Comment 15 Mitch Davis 2007-05-31 08:27:25 UTC
> Mitch, Julian, can you both please test 2.6.22-rc3 or the latest -git ?

Hi Rafael, thanks for grabbing this bug.

I just tried 2.6.22-rc3 again, with the same minimal config I had when I
reported the bug.  The problem and symptoms are the same :-(

Like Julian, I ran Linuxtoolkit r2, and I've attached my results.  It certainly
seems like his machine and mine are related, although his CPU is faster and the
DSDT seems to have been compiled with the Intel compiler not the Microsoft one.

Doing Linuxtoolkit's suspend/resume fails in the same way - power light goes
green but no response.

Any ideas now?  I have been talking with Matthew Garrett.  I'll point this bug
out to him.  Meanwhile, is there anything else I can do for further diagnosis?

Thanks, Mitch.
Comment 16 Mitch Davis 2007-05-31 08:44:26 UTC
Julian, I'm compiling my kernel with a minimal config (no devices except console
and RTC), and providing a ramdisk with some system commands from FC6 in it.  If
you'd like a copy (3Mb), you can grab it here:

  http://www.afork.com/a100/bug-7988-bzImage

To boot it, I added two lines to my /boot/grub/grub.conf:

  title My kernel
    kernel (hd0,5)/tosh/src/linux/compile/arch/i386/boot/bzImage

Then it shows up in my boot menu.  (You'd have to use a different path)
Comment 17 Rafael J. Wysocki 2007-05-31 09:42:57 UTC
Referring to Comment #15:

I'll have to look at your DSDT and Linuxtoolkit r2 results more thoroughly, but
that'll take some time.
Comment 18 Mitch Davis 2007-06-01 06:34:32 UTC
Might this help?

  http://article.gmane.org/gmane.linux.acpi.devel/23326
  [PATCH]: ACPI: preserve the ebx value in acpi_copy_wakeup_routine

I'll try it...
Comment 19 Mitch Davis 2007-06-01 07:13:58 UTC
> [PATCH]: ACPI: preserve the ebx value in acpi_copy_wakeup_routine
> 
> I'll try it...

It didn't help.  Same failure to resume, code never leaves suspend_enter().
Comment 20 Andrey Borzenkov 2007-06-02 04:43:13 UTC
This one may have similar cause (at least it is also Toshiba): 
http://bugzilla.kernel.org/show_bug.cgi?id=7499. If someone could try if 
compiling the kernel before mentioned commit 
(http://bugzilla.kernel.org/show_bug.cgi?id=7499#c13) fixes it for you too, it 
would be nice. 
Comment 21 Mitch Davis 2007-06-02 16:09:44 UTC
Hi Andrey,

> This one may have similar cause (at least it is also Toshiba): 

Toshiba source from a number of places.  My laptop mainboard is made by (and has
chips from) ATI.  A guy with similar symptom's Toshiba was made by Quanta and
has Intel chips.  And yours seems to have ALi chips.

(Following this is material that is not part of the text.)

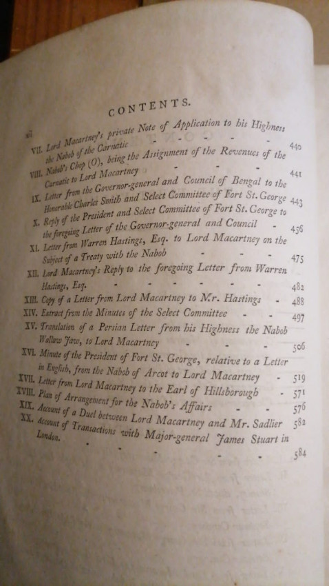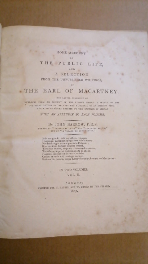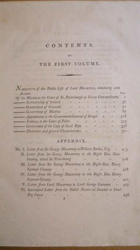 George Macartney (1737-1806) had a long and distinguished political and diplomatic career. He held the post of Secretary for Ireland, was successively governor of Grenada, Madras and the Cape Colony, and served as trade envoy to Russia and China. The son of an Irish landowner, Macartney rose in his profession through diligent diplomacy, perseverance, ambition and integrity; he gradually advanced in both the British and Irish peerage. This two-volume biography by Sir John Barrow, who had accompanied Macartney to China and the Cape, was first published in 1807, and draws heavily on official documents from Macartney's periods in office. Volume 1 contains a chronological account of Macartney's professional life, focusing particularly on the challenges he faced while Governor of Madras in the 1780s, including military threats, wrangling over fiscal policies, the extension of Fort St George, and plans for a Madras police force. (Google Books)

> http://bugzilla.kernel.org/show_bug.cgi?id=7499.
> If someone could try if compiling the kernel before mentioned commit

I will try it, but it appears in your case that the BIOS at least passes control
back to Linux!  So it seems that your problem and mine are quite different.

Thanks, Mitch.
Comment 22 Julian Sikorski 2007-06-02 16:12:44 UTC
Just to clarify: A100-847 has an Intel Core 2 Duo T7200 CPU, GeForce Go 7600 GPU
and Intel 945PM chipset.
Comment 23 Mitch Davis 2007-06-03 01:07:32 UTC
> Just to clarify: A100-847 has an Intel Core 2 Duo T7200 CPU,
> GeForce Go 7600 GPU and Intel 945PM chipset.

Yes.  Yours has a number of significant hardware differences to mine, but I
think the BIOS is closely related, as are the symptoms.  I think Andrey's and
Olaf Dietsche's laptops (see below) are significantly different.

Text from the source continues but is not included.